Der 63-Jährige erklärte sich bereit, dem Jüngeren seine Modelleisenbahn zu zeigen. Foto: dpa

Vom Vorwurf der Freiheitsberaubung und versuchten Raubes wurde der Mann freigesprochen.

Großbottwar - Vom Vorwurf der Freiheitsberaubung und versuchten Raubes sowie Diebstahls ist ein 32 Jahre alter Mann aus Großbottwar jetzt vor dem Amtsgericht Marbach entlastet worden. Gleichwohl bleibt der Lackierer im Gefängnis: Das Schöffengericht verurteilte ihn nach zwei Verhandlungstagen und der Vernehmung mehrerer Zeugen wegen vorsätzlicher Körperverletzung eines mittellosen Rentners zu einem Jahr und sechs Monaten Gefängnis.

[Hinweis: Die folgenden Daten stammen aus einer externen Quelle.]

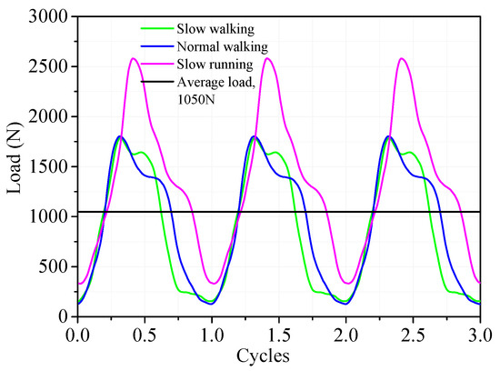 Gait patterns had significant influences on the viscoelastic squeeze-film lubrication of UHMWPE artificial hip joints. Despite the much heavier loads, the minimum film thickness under slow running was much thicker than in normal walking and slow walking cases. It should be noted that the load magnitudes of the slow and normal walking cases were similar, but the loading frequencies were different (0.75 Hz and 1 Hz for the slow and normal walking gaits, respectively). If the frequencies were the same, increasing loads would have a negative effect on the lubrication of UHMWPE artificial hip joints in terms of receding the lubricant film thickness (Figure 11). Therefore, gait frequency played a significant role in the lubrication performance of UHMWPE artificial hip joints, i.e., increasing gait frequency would enhance the lubricant film thickness. This is because with the increase in gait frequency, the normal approach velocity increased, causing an enhancement in the squeeze-film effects. Therefore, the lubrication performance of the UHMWPE hip joint was improved by the increase in gait frequency. Although the heavier loads of the slow running gait might reduce film thickness, the squeeze-film action caused by high frequencies contributed more to the film thickness of UHMWPE artificial hip joints.

Zwar hat der 63-Jährige von der Auseinandersetzung keine schweren Verletzungen davongetragen, das spielte in der Entscheidung des Gerichts aber auch nicht die Hauptrolle. „Sie haben einen älteren Mann, der Ihnen körperlich weit unterlegen war, so zu Boden gestoßen, dass er ein Hämatom an der Stirn sowie Schürfwunden an der Hand und am Ellenbogen erlitt. Das geht gar nicht“, wandte sich die Vorsitzende Richterin des Schöffengerichts, Ursula Ziegler-Göller, bei der Urteilsbegründung an den Angeklagten. Die drei Richterinnen sahen es als erwiesen an, dass der 32-Jährige im April vergangenen Jahres den älteren Mann in einer Kneipe in Marbach ansprach und um Geld bat, weil er zuvor am Spielautomaten verloren hatte. Dieser gab ihm zwei Euro fünfzig, mehr habe er nicht. Nachdem auch diese im Spielautomaten verschwanden, kam der Angeklagte erneut auf den Mann zu, dieses Mal sprach man über dies und das und über Hobbys. Der Rentner aus Großbottwar erzählte von seiner Modelleisenbahn zuhause und willigte ein, sie dem 32-Jährigen zu zeigen.

„Die Eisenbahn ist sein Heiligtum und wohl auch das Wertvollste, was er besitzt und Sie haben sich im Hobbyraum nicht so benommen, wie er es wollte, vielleicht etwas angefasst“, fasste die Richterin die Ausgangssituation zusammen. Es kam zu einer verbalen Auseinandersetzung, in deren weiteren Verlauf der Jüngere den Älteren zu Boden stieß.

Nach Überzeugung des Gerichts und im Gegensatz zur Verteidigung schmückte das Opfer die Geschichte nicht aus und belastete den Angeklagten im Nachhinein auch nicht besonders schwer. „Der ältere Herr kommt finanziell selbst kaum über die Runden. Er regte sich sehr über Ihr Benehmen in seinem Hobbykeller auf und kann wohl bis heute, gut ein Jahr nach der Tat, noch nicht fassen, was ihm da in seinen eigenen vier Wänden widerfahren ist.“

Seit er strafmündig ist, begeht der heute zweifache Vater immer wieder Straftaten, so dass ihm das Gericht keine günstige Sozialprognose ausstellte. 13 Mal schon stand er in seinem Leben vor einem Gericht und muss nun neben der Strafe aus Marbach noch eine 15-monatige Haftstrafe von einem Urteil des Amtsgerichts Böblingen wegen Diebstahls absitzen. „Sie müssen jetzt mal kapieren, was es heißt immer wieder Straftaten zu begehen: nämlich, dass man für längere Zeit ins Gefängnis muss,“ sagte Ursula Ziegler-Göller zu dem Angeklagten.